Messed up ASCII table

This problem doesn't happen to the default pager. When I set export MANPAGER="view -" the table is also correct, so something must be wrong with the manpager.sh script:

#!/bin/sh
sed -e 's/\x1B\[[[:digit:]]\+m//g' | col -b | \
vim \
    -c 'let no_plugin_maps = 1' \
    -c 'set nolist nomod ft=man' \
    -c 'let g:showmarks_enable=0' \
    -c 'runtime! macros/less.vim' -

How can I fix this?

share|improve this question
    
It works for me (Vim 7.1pl314 on Debian lenny or 7.2pl330 on Ubuntu 10.04, C or en_US or en_US.UTF-8 locale, in xterm).
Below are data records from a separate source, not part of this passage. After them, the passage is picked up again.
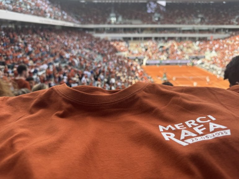 Majice u boji pariske šljake, s napisom "Mersi Rafa" i datumom 25. 05. 2025. koje su organizatori podelili gledaocima na centralnom stadionu "Filip Šatrije" u nedelju u Parizu na oproštaju teniske legende, dostigle su na crnoj berzi cenu od preko 550 evra!
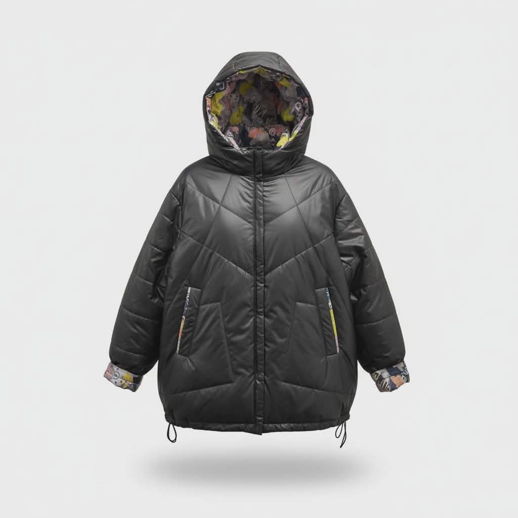 Striukė Janiee – Juoda ir kita pusė marga, tai dvipusė. Tai didesnio dydžio, patogi dėvėti. Janiee sagtomas – užtrauktuku, turi 2 kišenes ir 1 vidinę.
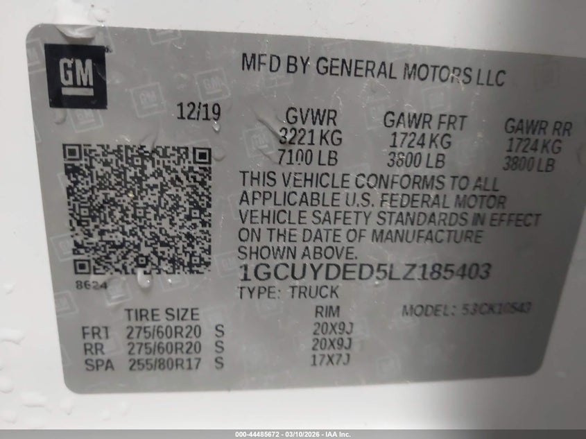 • 1GCUYDED5LZ185403
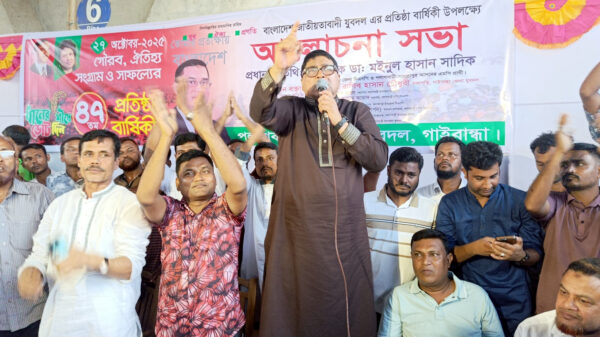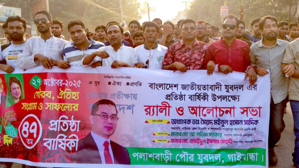 খবরবাড়ি ডেস্কঃ জাতীয়তাবাদী যুবদলের ৪৭তম প্রতিষ্ঠাবার্ষিকী পালন উপলক্ষে গাইবান্ধার পলাশবাড়ী পৌর যুবদলের উদ্যোগে র্যালী ও আলোচনা সভা অনুষ্ঠিত হয়েছে। মঙ্গলবার (২৮ অক্টোবর) বিকেলে পলাশবাড়ী পৌরশহরের তিনমাথা মোড় হতে একটি র্যালী
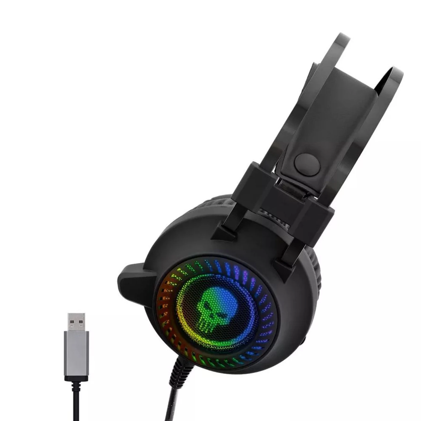 Possui microfone integrado omnidirecional, que garante uma captação precisa da voz. Conta ainda com controle de volume integrado e iluminação RGB colorida.
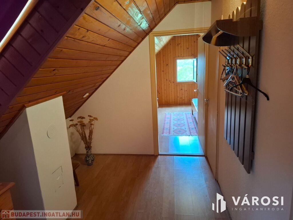 Csendes, zöldövezeti környezetben,3785 m²-es telken található ez a kétszintes, 90 m²-es nyaraló. A földszinten nappali–konyha–étkező, az emeleten két hálószoba, külön fürdő és WC szolgálja a kényelmet. Az ingatlan berendezett, fa zsalugáteres ablakokkal, vezetékes vízzel, szennyvíz-elhelyezéssel, új villamoshálózattal és 3 fázisú árammal rendelkezik.

What are your locale settings? In what terminal are you running this, and do other terminals make a difference? What is your version of Vim, what options was it compiled with? Does disabling your .vimrc with vim -u /dev/null make a difference? –  Gilles Feb 19 '11 at 15:15

1 Answer 1

up vote 4 down vote accepted

When I try with the following script things are normal:

#!/bin/sh
sed -e 's/\x1B\[[[:digit:]]\+m//g' | \
vim \
    -c 'let no_plugin_maps = 1' \
    -c 'set nolist nomod ft=man' \
    -c 'let g:showmarks_enable=0' \
    -c 'runtime! macros/less.vim' -

I'm not sure what role col plays in the sequence, but it is certainly messing up the spaces. Until somebody gives a better solution, this will be my fix.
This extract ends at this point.